* What is expected: Please copy out the entries until you have copied the line that contains "2021 ,新年新气象,柳工", beginning with the first line.

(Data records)

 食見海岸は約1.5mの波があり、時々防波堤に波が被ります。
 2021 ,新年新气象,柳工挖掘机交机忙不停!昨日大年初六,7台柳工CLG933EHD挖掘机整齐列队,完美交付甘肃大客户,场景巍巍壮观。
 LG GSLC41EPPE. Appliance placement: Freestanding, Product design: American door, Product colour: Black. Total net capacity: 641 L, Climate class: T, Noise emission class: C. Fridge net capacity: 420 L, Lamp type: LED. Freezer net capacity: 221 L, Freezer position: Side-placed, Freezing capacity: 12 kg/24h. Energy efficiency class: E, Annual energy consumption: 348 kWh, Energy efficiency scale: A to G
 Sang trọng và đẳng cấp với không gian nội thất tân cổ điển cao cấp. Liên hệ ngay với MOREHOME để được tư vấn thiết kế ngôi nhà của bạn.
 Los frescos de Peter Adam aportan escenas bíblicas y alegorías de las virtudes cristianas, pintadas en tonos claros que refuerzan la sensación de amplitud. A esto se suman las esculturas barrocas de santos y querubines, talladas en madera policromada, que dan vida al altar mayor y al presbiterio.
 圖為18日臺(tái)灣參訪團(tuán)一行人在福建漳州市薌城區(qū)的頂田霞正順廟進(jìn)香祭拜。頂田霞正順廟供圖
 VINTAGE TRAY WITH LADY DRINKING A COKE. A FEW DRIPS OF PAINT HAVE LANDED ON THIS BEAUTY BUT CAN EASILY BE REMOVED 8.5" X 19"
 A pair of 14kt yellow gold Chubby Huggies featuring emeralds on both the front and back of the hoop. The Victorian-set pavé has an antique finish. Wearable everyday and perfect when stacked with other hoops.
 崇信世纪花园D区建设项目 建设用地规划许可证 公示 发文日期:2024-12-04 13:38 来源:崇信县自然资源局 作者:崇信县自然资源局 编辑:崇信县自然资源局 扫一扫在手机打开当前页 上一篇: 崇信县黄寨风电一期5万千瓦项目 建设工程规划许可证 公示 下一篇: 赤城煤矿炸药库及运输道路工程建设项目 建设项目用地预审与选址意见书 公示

* Reply:
 食見海岸は約1.5mの波があり、時々防波堤に波が被ります。
 2021 ,新年新气象,柳工挖掘机交机忙不停!昨日大年初六,7台柳工CLG933EHD挖掘机整齐列队,完美交付甘肃大客户,场景巍巍壮观。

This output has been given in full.